- _WORK INSTRUCTIONS_: Beginning with the line containing "Maluna GOTS Rib" and going on through the line containing "LED-wall lamp made", the lines below are to be returned exactly, pictures excluded and nothing added.

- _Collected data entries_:
__________________________________________________

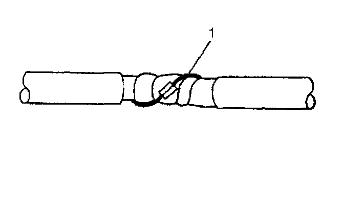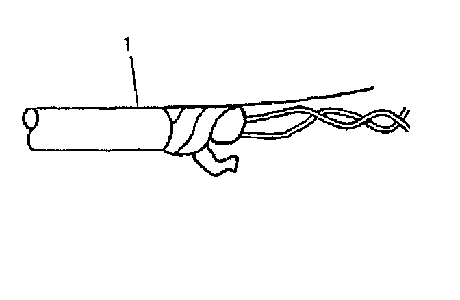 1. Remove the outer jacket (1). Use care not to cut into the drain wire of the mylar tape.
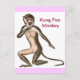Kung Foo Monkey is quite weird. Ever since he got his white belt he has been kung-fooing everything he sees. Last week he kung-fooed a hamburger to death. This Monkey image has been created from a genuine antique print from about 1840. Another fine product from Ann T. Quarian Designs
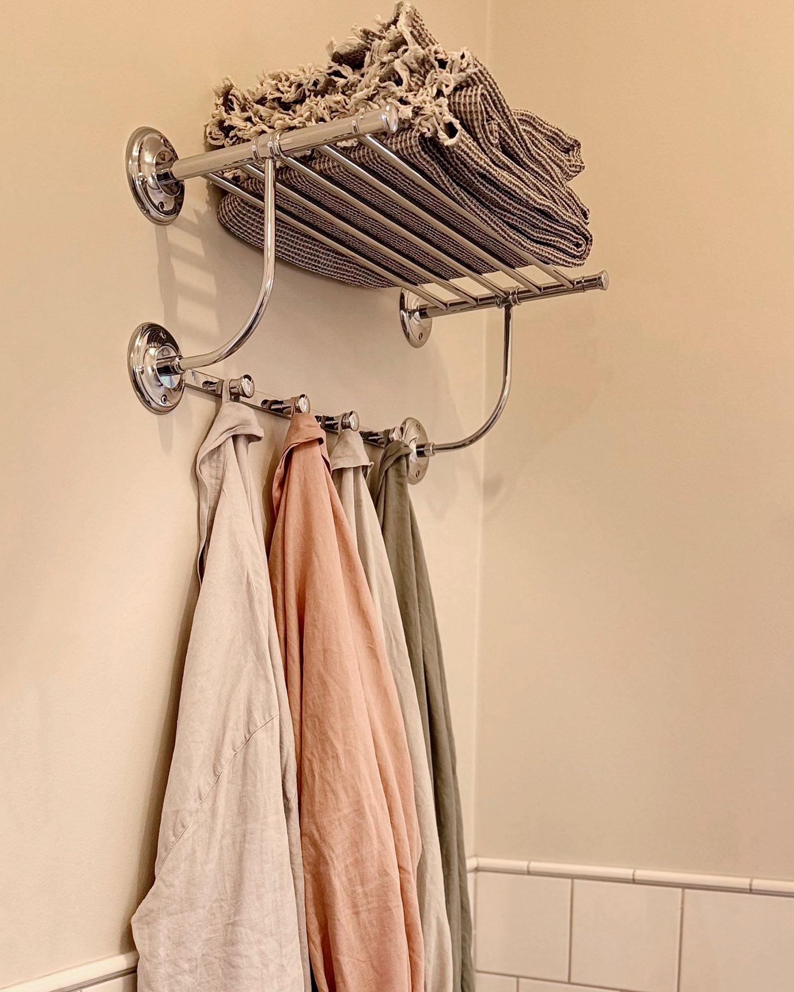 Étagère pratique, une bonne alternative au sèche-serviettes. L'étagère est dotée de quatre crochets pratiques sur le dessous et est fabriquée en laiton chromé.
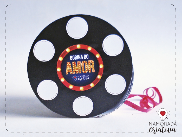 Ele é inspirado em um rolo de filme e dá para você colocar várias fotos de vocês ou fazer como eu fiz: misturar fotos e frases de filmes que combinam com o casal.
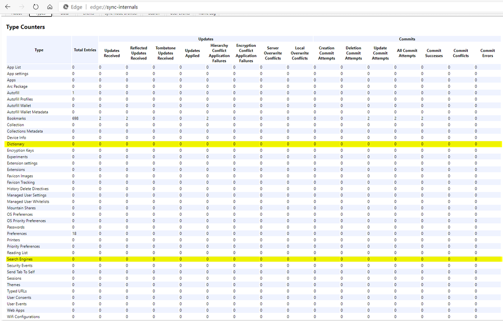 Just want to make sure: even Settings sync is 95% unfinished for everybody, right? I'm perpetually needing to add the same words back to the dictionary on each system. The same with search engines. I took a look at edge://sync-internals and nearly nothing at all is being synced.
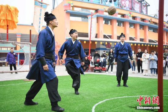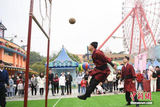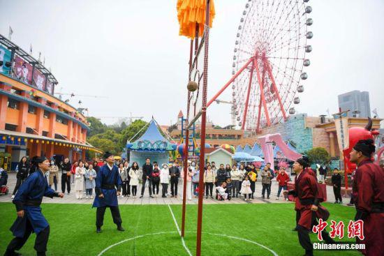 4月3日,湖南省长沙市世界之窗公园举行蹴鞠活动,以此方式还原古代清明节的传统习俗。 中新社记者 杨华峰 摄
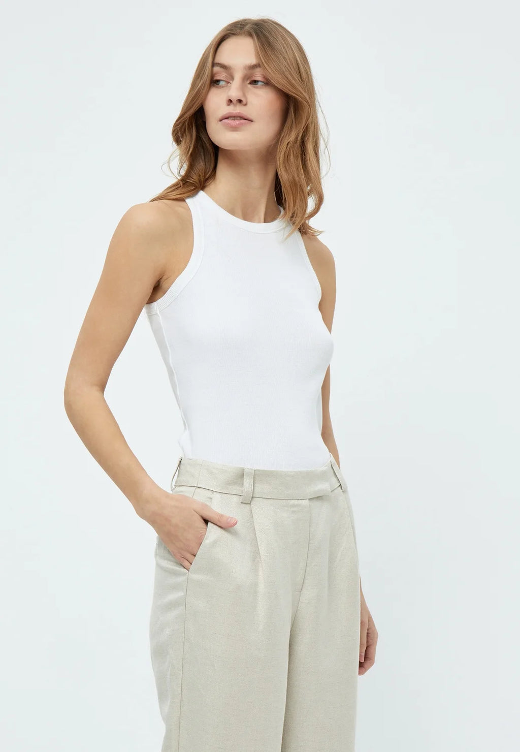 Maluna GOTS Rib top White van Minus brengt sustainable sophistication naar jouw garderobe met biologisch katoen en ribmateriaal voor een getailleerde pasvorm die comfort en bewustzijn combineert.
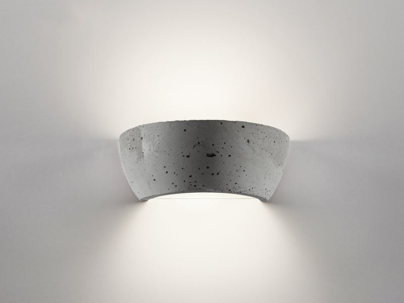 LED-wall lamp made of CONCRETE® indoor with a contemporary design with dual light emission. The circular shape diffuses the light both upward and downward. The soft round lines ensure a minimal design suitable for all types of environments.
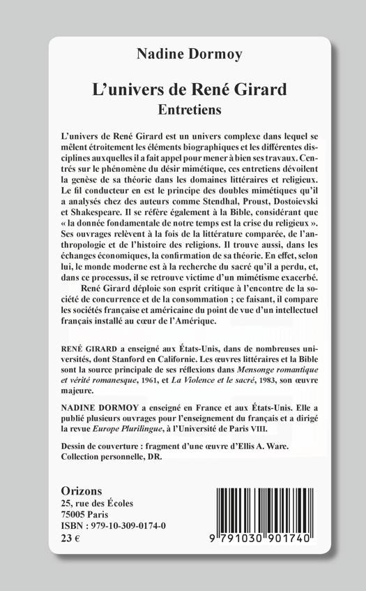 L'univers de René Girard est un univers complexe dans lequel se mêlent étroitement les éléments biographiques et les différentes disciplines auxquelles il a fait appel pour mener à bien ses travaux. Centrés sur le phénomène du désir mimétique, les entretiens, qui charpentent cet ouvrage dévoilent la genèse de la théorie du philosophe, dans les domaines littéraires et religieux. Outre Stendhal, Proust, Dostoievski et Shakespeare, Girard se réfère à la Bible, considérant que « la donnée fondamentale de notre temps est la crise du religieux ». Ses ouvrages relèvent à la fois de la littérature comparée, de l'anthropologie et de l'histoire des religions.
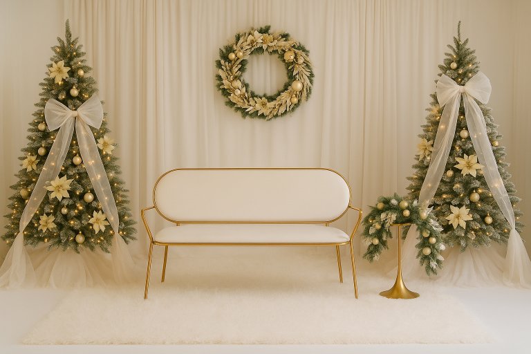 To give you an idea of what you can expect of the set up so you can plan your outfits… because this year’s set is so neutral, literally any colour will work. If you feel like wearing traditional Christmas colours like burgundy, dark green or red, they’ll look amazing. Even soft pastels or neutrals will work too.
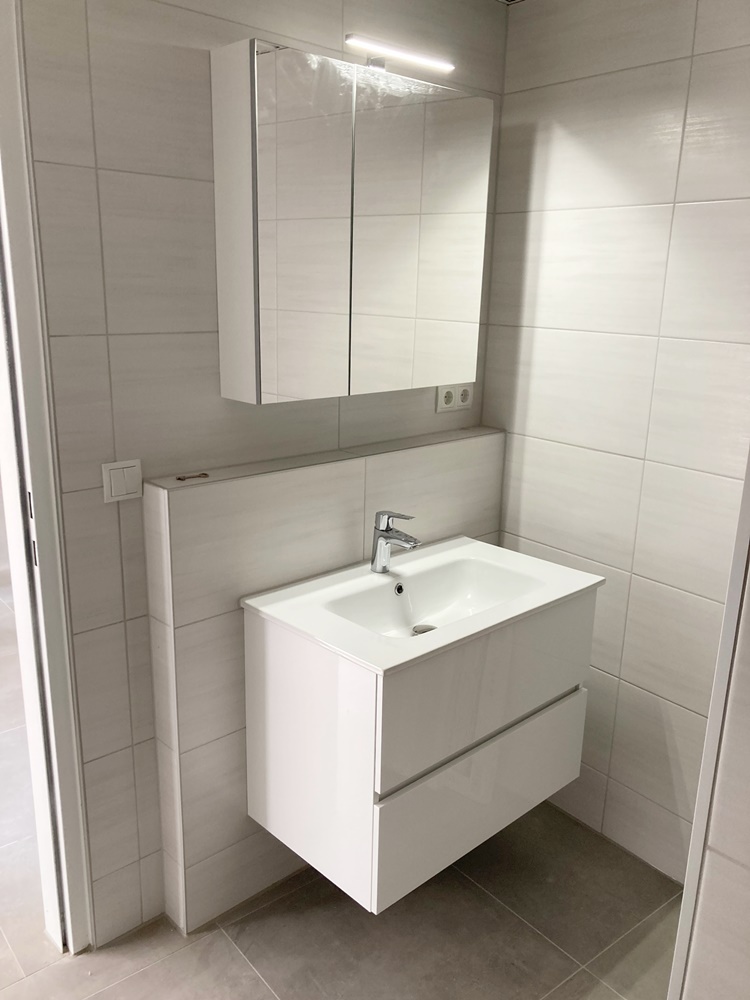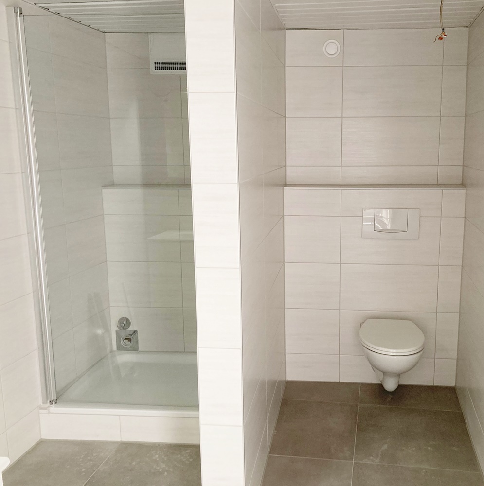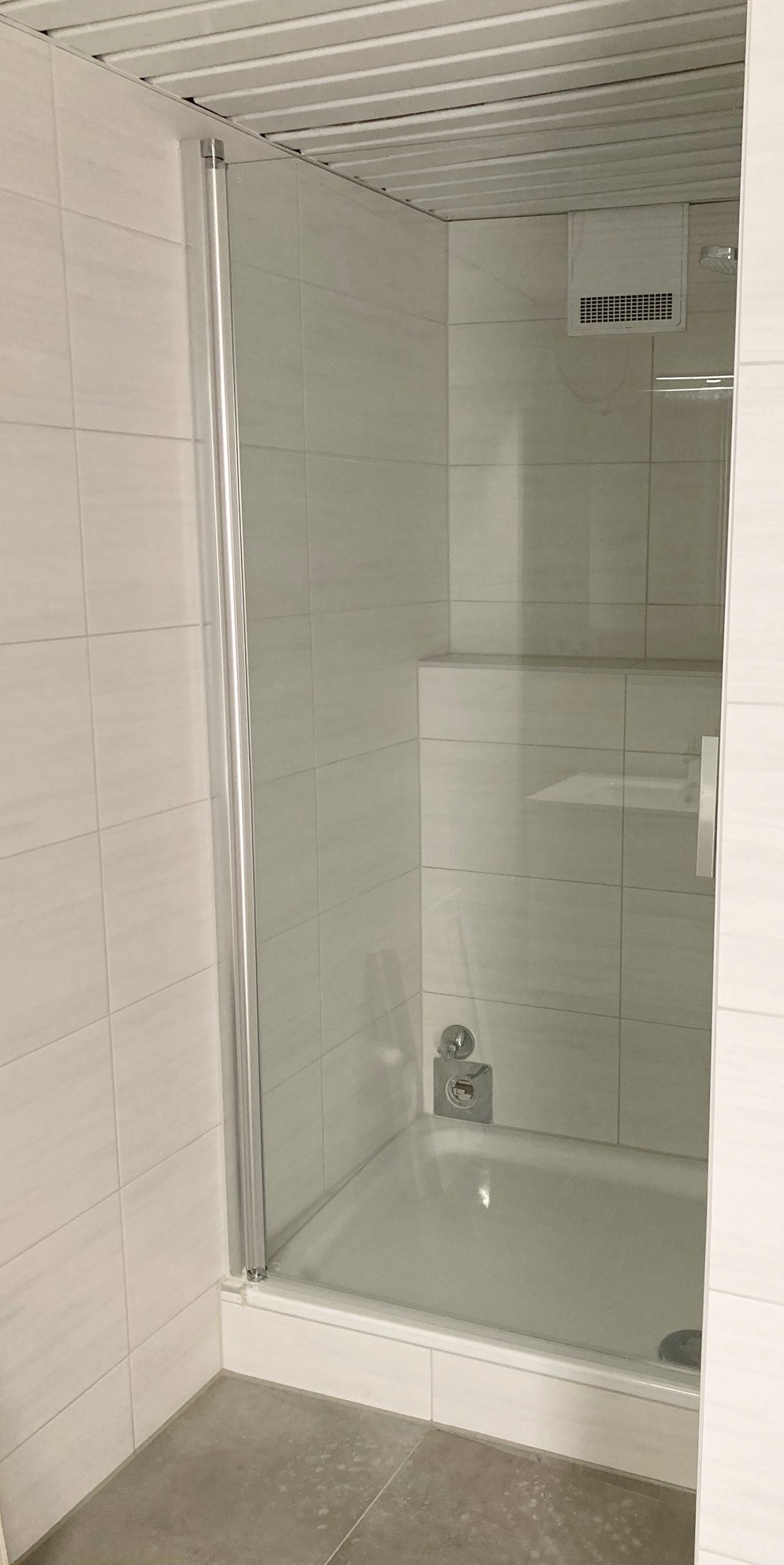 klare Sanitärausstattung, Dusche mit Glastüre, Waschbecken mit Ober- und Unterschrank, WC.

__________________________________________________

- _TASK SOLUTION_:
 Maluna GOTS Rib top White van Minus brengt sustainable sophistication naar jouw garderobe met biologisch katoen en ribmateriaal voor een getailleerde pasvorm die comfort en bewustzijn combineert.
 LED-wall lamp made of CONCRETE® indoor with a contemporary design with dual light emission. The circular shape diffuses the light both upward and downward. The soft round lines ensure a minimal design suitable for all types of environments.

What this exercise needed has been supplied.